Дважды повторять не пришлось, и гонщик два раза, видимо для лучшего эффекта с размаху врезал своему товарищу в переносицу.
— А теперь руку с пистолетом вниз и когда я скажу, стреляй! — продолжал Гладиус.
Когда пистолет оказался на уровне живота Кристофер отвел дуло чуть в сторону. Машина была в пятидесяти метрах.
— Давай.
В морозной тишине раздался выстрел, обожгло правый бок видимо пуля все — же зацепила, но это было царапиной даже для обычного человека. Крис упал на колени и схватился за живот, А Леоне моментально оказался в машине, колеса немного забуксовали и белый «Леруа» рванул с места с умопомрачительной скоростью. Гладиус встал и, шатаясь, прошел пару шагов к центру дороги, где и рухнул. Оставалось только надеется, что железная махина затормозит. И действительно броневик начал снижать скорость.
«Попались»
Решил парень и начал потихоньку вставать на колени. Дверь машины открылись, и захрустел снег.
— Помогите! — прерывисто простонал, на издыхании простонал Кристофер. — Этот гад меня подстрелил!
На секунду ему даже показалось, что переиграл, и как-то все это выглядит банально, но шаги не стихали.
— Я заметил его… Он тут ошивался… — Гладиус поднял глаза и увидел офицера КГБ в зимней форме и защитном шлеме, больше слова были не нужны. Требовался лишь один точный удар в грудь, парень сжал пальцы в кулак и ударил. Только ничего не вышло, противник, будто растворился в воздухе, и прежде чем удалось что-то понять, Крис получил удар с ноги в голову, откуда-то справа. В глазах потемнело, мир закружился, и он упал на землю. Разумно было предположить, что офицер воспользуется таким удобным шансом и добьет лежачего противника, но он стоял на месте не подвижно. Но долго разлеживаться все равно было нельзя, парень оперся на руку и встал. Голова трещала, а из носа текла кровь и, капая с подбородка, падала на снег, его немного шатало. И опять никакой боли, никакого потери контроля над собой. Неведомая сила, которая брала на себя управления, в подобных ситуациях посылая Криса, куда подальше просто не проявлялась, будто никогда её и не было. Стоило Гладиусу только подняться на ноги и попятится на несколько шагов назад, как его противник начал действовать, и опять Крис даже не понял, что произошло. Враг был в метрах трех и удар в челюсть, а ведь даже моргнуть не успел, еще удар в солнечное сплетение, а потом с колена в пах. Кристофер согнулся бы от боли, если бы офицер не держал бы его двумя руками за воротник формы.

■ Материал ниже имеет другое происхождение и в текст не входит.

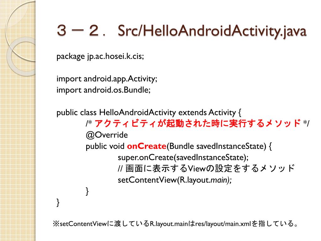 3-2.Src/HelloAndroidActivity.java package jp.ac.hosei.k.cis; import android.app.Activity; import android.os.Bundle; public class HelloAndroidActivity extends Activity { /* アクティビティが起動された時に実行するメソッド */ @Override public void onCreate(Bundle savedInstanceState) { super.onCreate(savedInstanceState); // 画面に表示するViewの設定をするメソッド setContentView(R.layout.main); } } ※setContentViewに渡しているR.layout.mainはres/layout/main.xmlを指している。
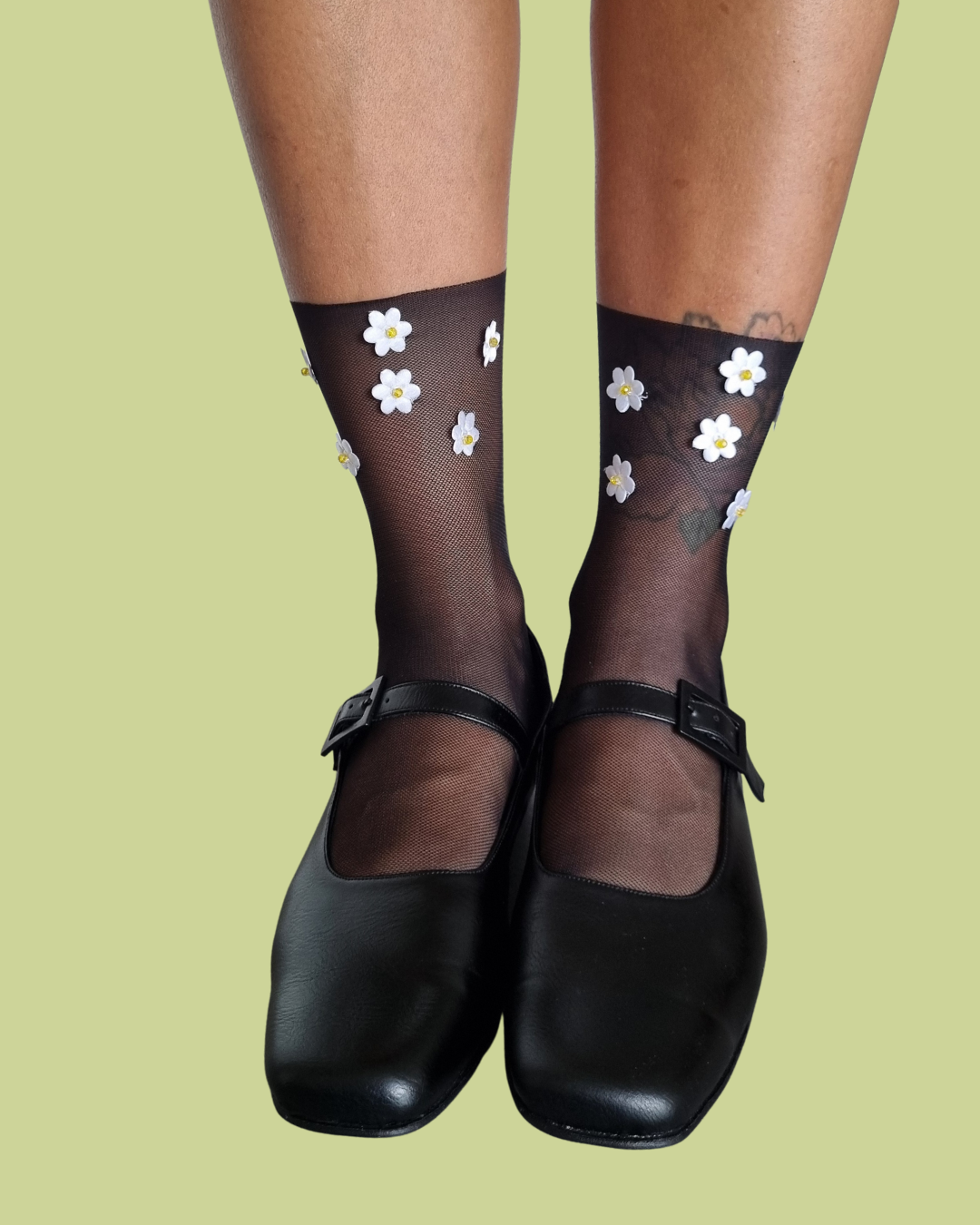 Medias de tul bordadas con apliques y piedra.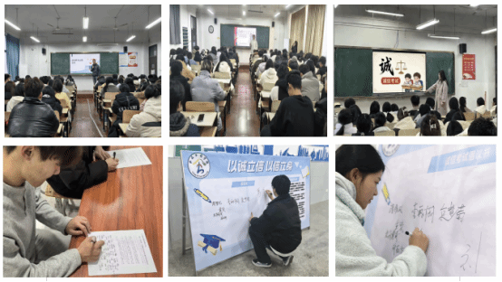 同时,辅导员们贴心分享高效复习方法、时间规划技巧与应试心态调适策略,耐心疏导学生备考焦虑情绪,鼓励学子以从容心态迎战期末、以扎实学识书写答卷。现场,全体学生郑重签署《大学生诚信考试承诺书》,一笔一画承载着对学术道德的坚守,一言一行诠释着对诚信品格的践行,让诚信从外在制度要求,真正转化为内化于心、外化于行的自觉行动。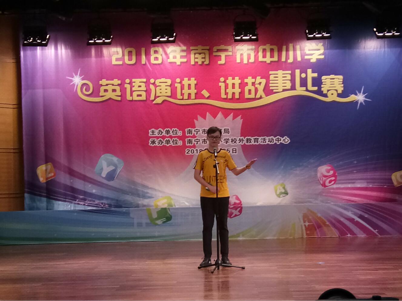 我校高二(11)班兰添同学参加2018年南宁市中小学英语演讲比赛,经过激烈角逐,获高中组二等奖,指导教师:刘璐、林丽。

— Кто ты такой мать твою? — прерывисто дыша, спросил Крис.
Вместо ответа сотрудник КГБ ударил головой с такой силой, что стекло на пуленепробиваемом шлеме треснуло. Перед глазами у Криса все поплыло. Офицер достал из кармана шприц и резко всадил его в шею парня. Сердце бешено заколотилось, дышать стало невыносимо тяжело, будто на грудь давило нечто невероятно тяжелое. Офицер отпустил Криса, и он упал, хватая ртом, воздух будто рыба, вытащенная на сушу.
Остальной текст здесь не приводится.